Merely opposing Biden doesn’t make one a Christian Nationalist. There are a lot of very thoughtful people concerned about Christian Nationalism. Is that REALLY how you think they define Christian Nationalists? That’s just wack.
And again with the trans stuff. Man, that really feels like an obsession with you.
Comment by Tim Ware on October 31, 2024 at 8:53 pm
Different Steve,
The people who are seemingly attracted to Christian Nationalism or other similar ideas are, for the most part, members of one of the only groups that it is ok to hate. Look at who is front and center in the picture at the head of Mr. Drumm’s article. We don’t have to extend the same deference to people like that as we are forced to do with certain other groups. We can treat them any way we want.

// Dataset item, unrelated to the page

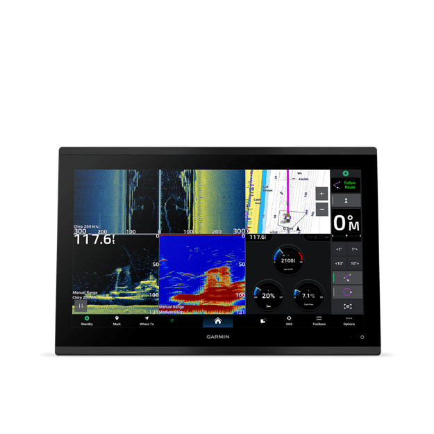 GPSMAP 9217xsv is the integrated touchscreen chartplotter designed for captains who demand the best. Enjoy edge-to-edge clarity with up to 4K resolution on a glass helm with premium design and materials. Plot your paradise faster than ever with processing power that’s up to 7 times faster than previous generations, and get 5GHz Wi-Fi® connectivity for ActiveCaptain® app updates.

Just another example of the hypocrisy of the so-called inclusive crowd. As I have said before, ignore their rhetoric and look at their actions.
Comment by Wilson R. on November 1, 2024 at 11:56 am
“Look at who is front and center in the picture at the head of Mr. Drumm’s article.”
I gather that people here know who this person is. For those, like me, who do not recognize him, please fill us in. And what are his offenses? Apparently, the posters here view him as the leader of a hate group.
Comment by Gary Bebop on November 1, 2024 at 1:22 pm
Thanks, Mark, for doing some serious work on an entangled ball of yarn. The complexity of the topic is daunting, but your writing opens windows for the truth to enter. It’s clear that aggressive secularism has seized the reigns of government in America, top to bottom. We are subjects of a secular administrative state. The revolt against such a status has begun.